4.3 Algorithmic aspects

A block selected inversion algorithm has at least two advantages: Because \(\varvec{A}\) is sparse, blocks can be specified in terms of supernodes [36]. This allows us to use level-3 BLAS to construct an efficient implementation by leveraging memory hierarchy in current microprocessors. A supernode is a group of nodes with the same nonzero structure below the diagonal in their respective columns (of their \(\varvec{L}\) factor). The supernodal approach for sparse symmetric factorization represents the factor \(\varvec{L}\) as a set of supernodes, each of which consists of a contiguous set of \(\varvec{L}\) columns with identical nonzero patterns, and each supernode is stored as a dense submatrix to take advantage of level-3 BLAS calculations.

Given these considerations, it is natural to employ the selected inversion approach presented in [48] and available in [40] in order to directly compute the entries on the pattern of the inverse matrix. For the particular implementation of the selected inversion, we rely on Pardiso.
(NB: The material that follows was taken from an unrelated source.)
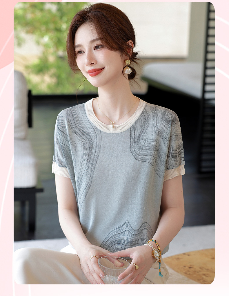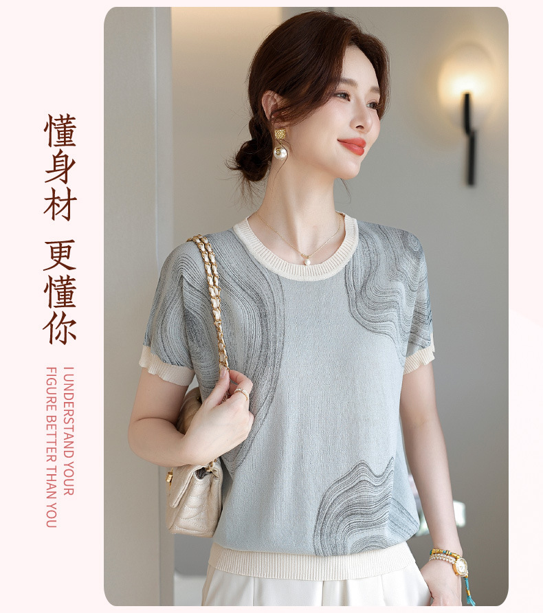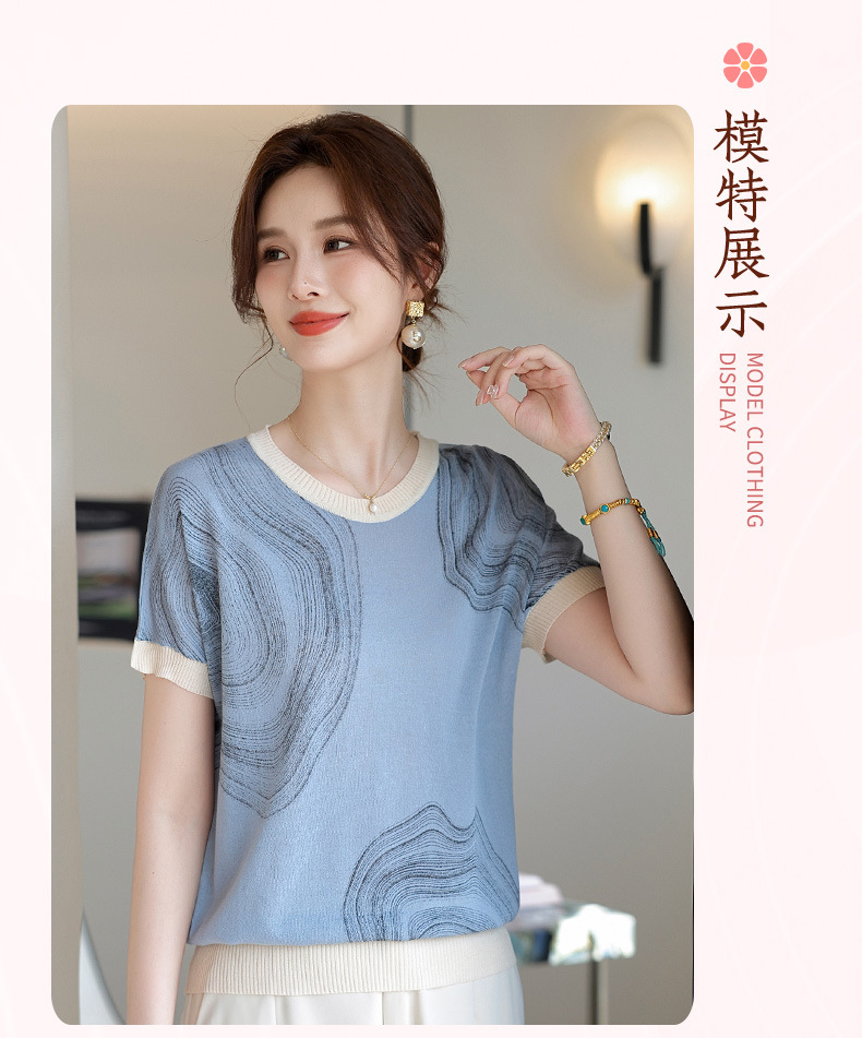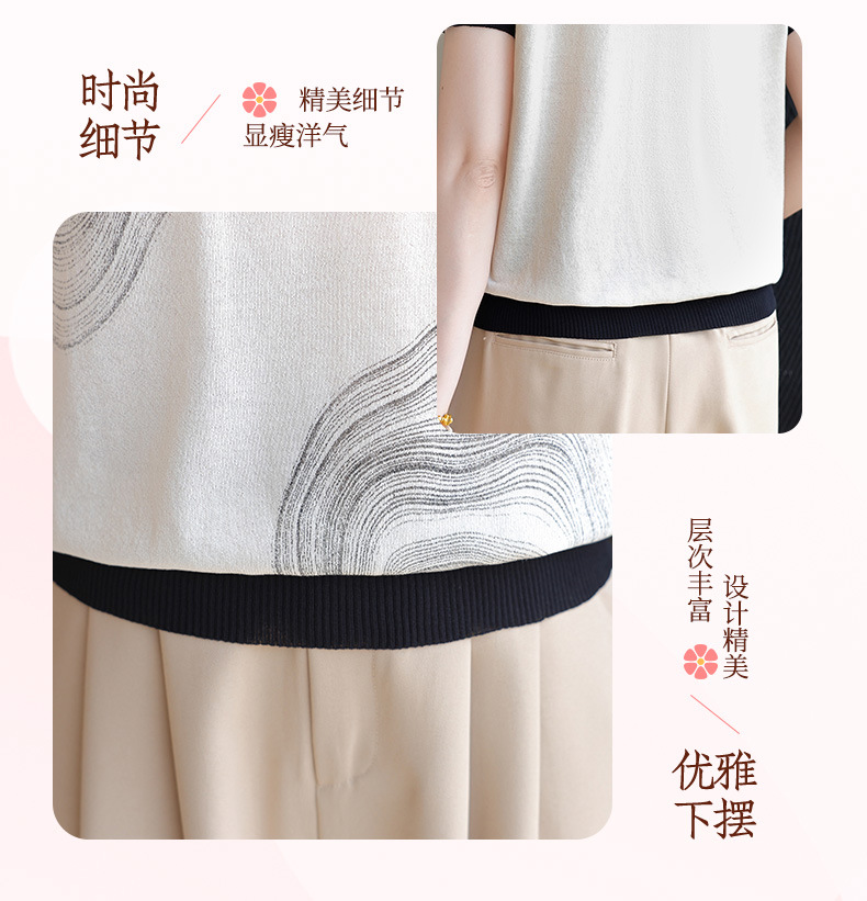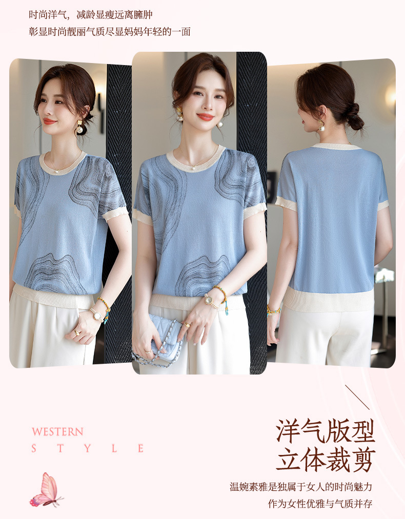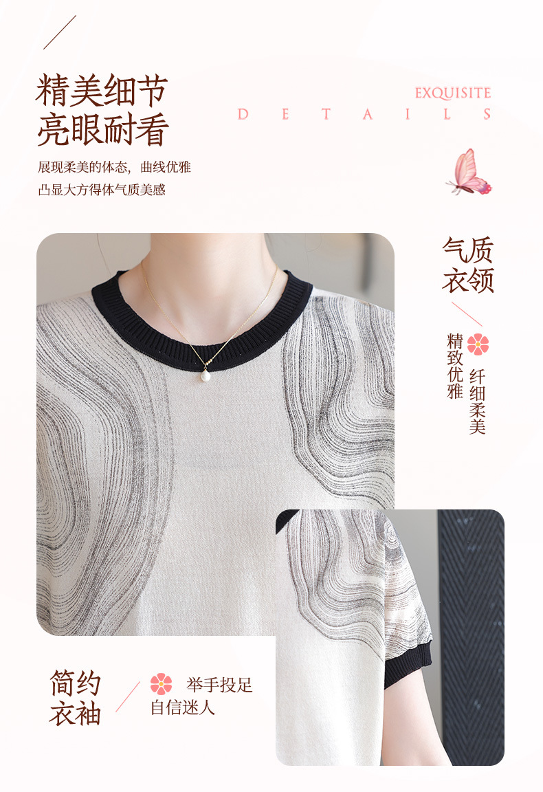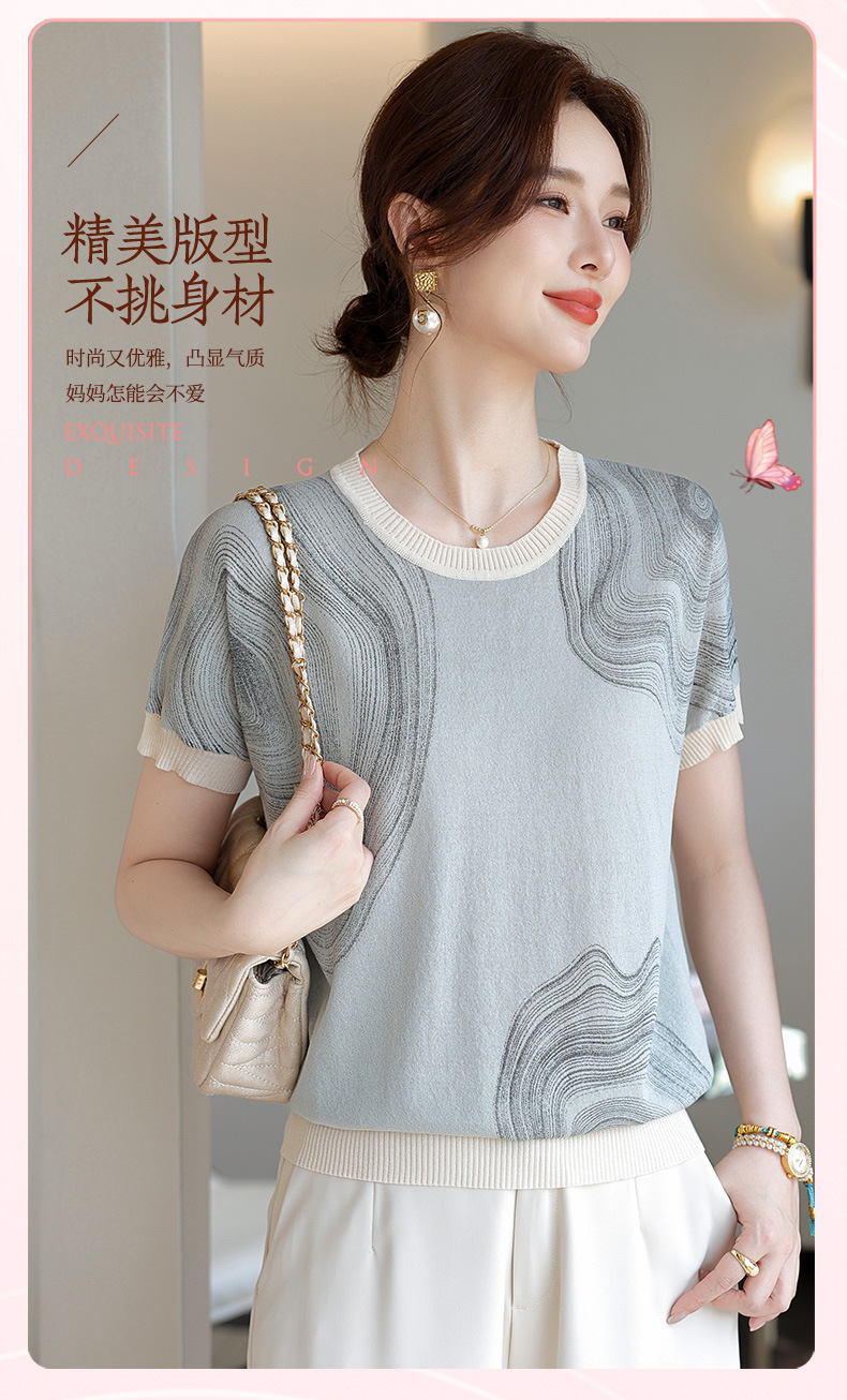 妈妈装设计感印花针织衫短袖2025新款时尚休闲显瘦中老年女装上衣

For larger kernel matrices, which cannot be indexed by \(32bit\) integers due to the comparatively large number of non-zero entries, we combine the selected inversion with a divide and conquer approach based on the identity (24). The inversion of the \({\varvec{A}}_{11}\) block and of the Schur complement \({\varvec{S}}\) are performed with Pardiso (exploiting symmetry), while the remaining arithmetic operations, i.e., addition and multiplication, are performed in a formatted way, compare Theorem 5.

4.4 Matrix functions

Based on the S-formatted multiplication and inversion of operators represented in samplet basis, certain holomorphic functions of an S-compressed operator also admit S-formatted approximations with, essentially, corresponding approximation accuracies.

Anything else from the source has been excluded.